Some of the items we want to look at that impact the housing market and buyer’s willingness and financial ability to purchase homes!

Workin’ 9 to 5, What a way to make a livin’.” (Dolly Parton) These past weeks have  shown more and more people working 9 to 5 and home loan rates didn’t like it.

Even though this is good news for more people who are looking for work, it impacts loan rates and thus impacts buying power.

 

First the ADP Report on Wednesday showed 224,000 private jobs created, well above the 184,000 expected.

Then on Friday, the Bureau of Labor Statistics (BLS) Jobs Report showed 250,000 job creations in October, well above expectations.

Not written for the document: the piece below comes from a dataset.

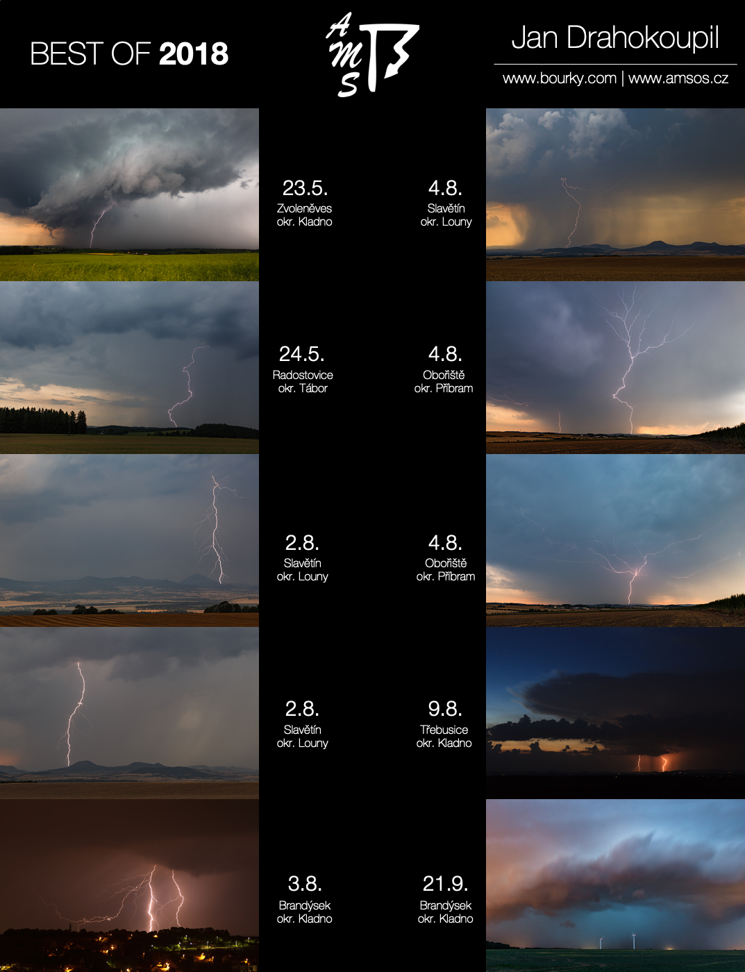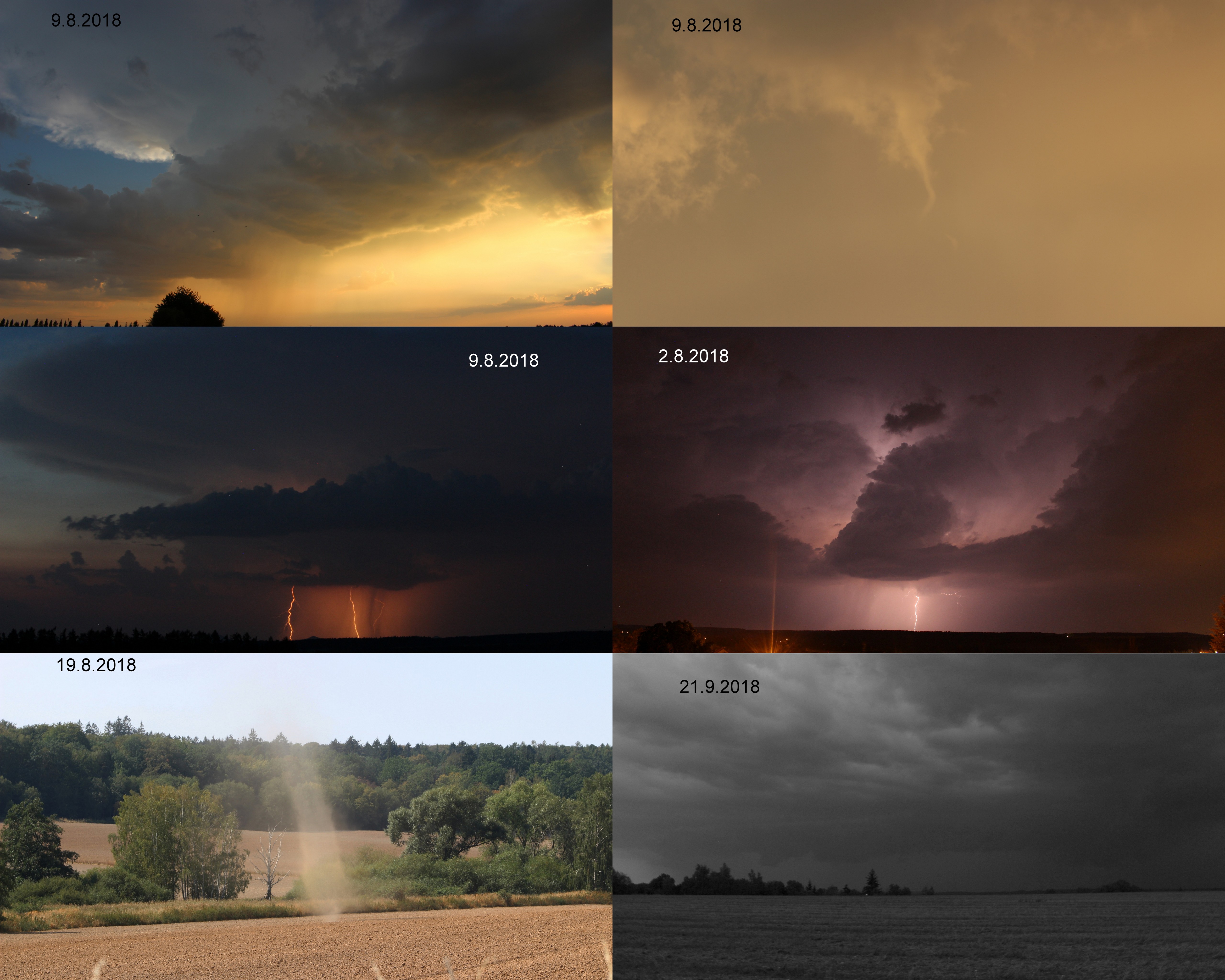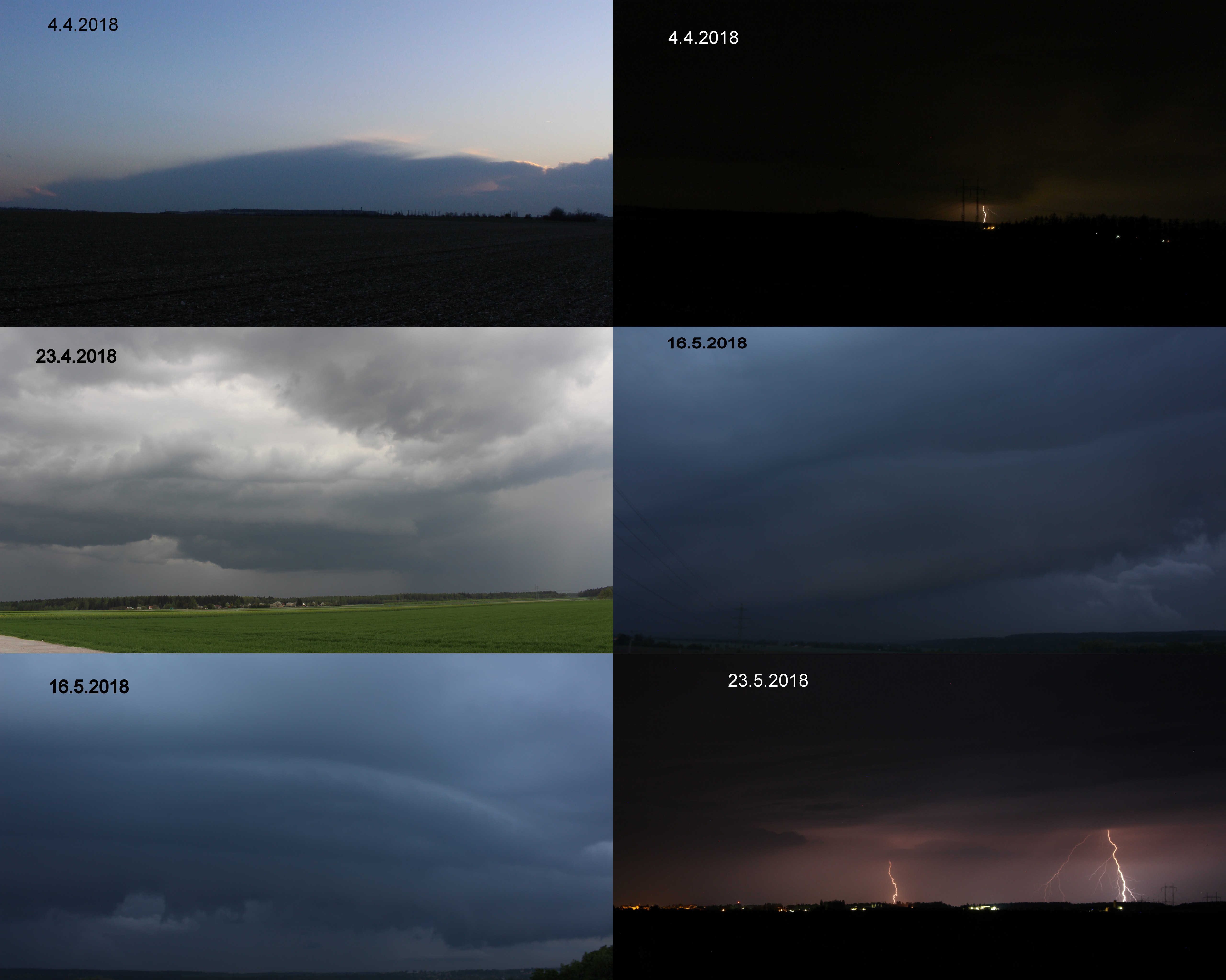 Bouřková sezóna 2017 byla jako celek nad územím naší republiky rekordní. Chodil nespočet supercel a vyskytlo se nejméně 5 derech. Ovšem západ Čech byl ze hry venku. Bouře se rozpadaly, nebo slábly, případně chodily špatně načasované. Výjezdy končily nezdarem a nebo výsledek neodpovídal úsilí. Sezóna 2018 byla rapidně odlišná. Byla slabá jako celek, ne-li nejslabší za posledních 10 let, průběhem velmi zvláštní, rozdělená prostředkem léta na dvě části, kdy první část trvala od začátku dubna do 1/2 června a druhá byla v srpnu a v září. U nás bylo během ní pěkných situací málo, na prstech jedné ruky. Na rozdíl od předchozí sezóny přinesly tyto situace fotogenické bouřky, za kterými se obvykle nejezdilo dál, než "za humna" a to sebou neslo značnou časovou i finanční úsporu. Můžu tedy říct, že pěkných fotek z této sezóny máme násobně více, než z té loňské, tedy alespoň u nás.
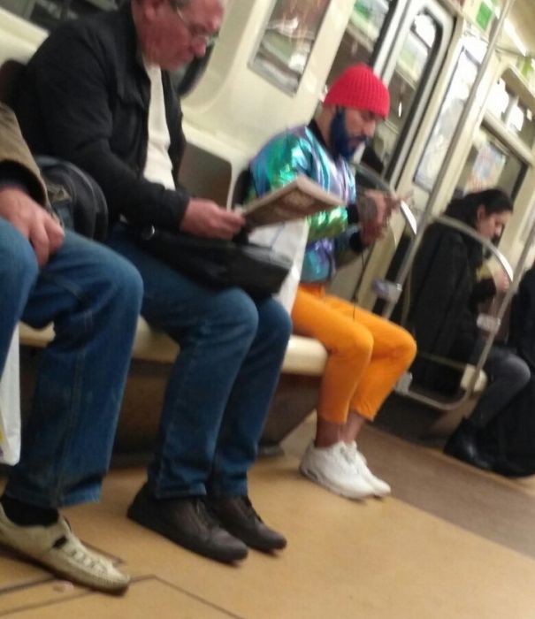 Среди огромного числа пассажиров метрополитен можно встретиться весьма забавных персонажей, какие дивят своим наружным обликом. У этих людей особое ощущение манера, позволяющее им выделиться на фоне других, чего они, судя по всему, и домогаются.

Within that report, Hourly Earnings (wages) rose 3.10% year over year — the highest rate since April 2009. The pickup in wages is inflationary and this added to the uptick in bond yields.

Bottom line — good news, like this week’s reading on jobs and wages, are bad news for bonds and home loan rates. However, when you consider the strong economic backdrop coupled with still historically low rates — today is a great time to purchase a home.

The Federal Reserve meeting ends Wednesday with the release of the Fed’s monetary policy statement at 2:00 p.m. ET. There is very little chance of a hike to the short-term Fed Funds Rate, but the Fed’s remarks in the statement could be a market moving event.

We will keep you posted in the next few weeks coming of important updates!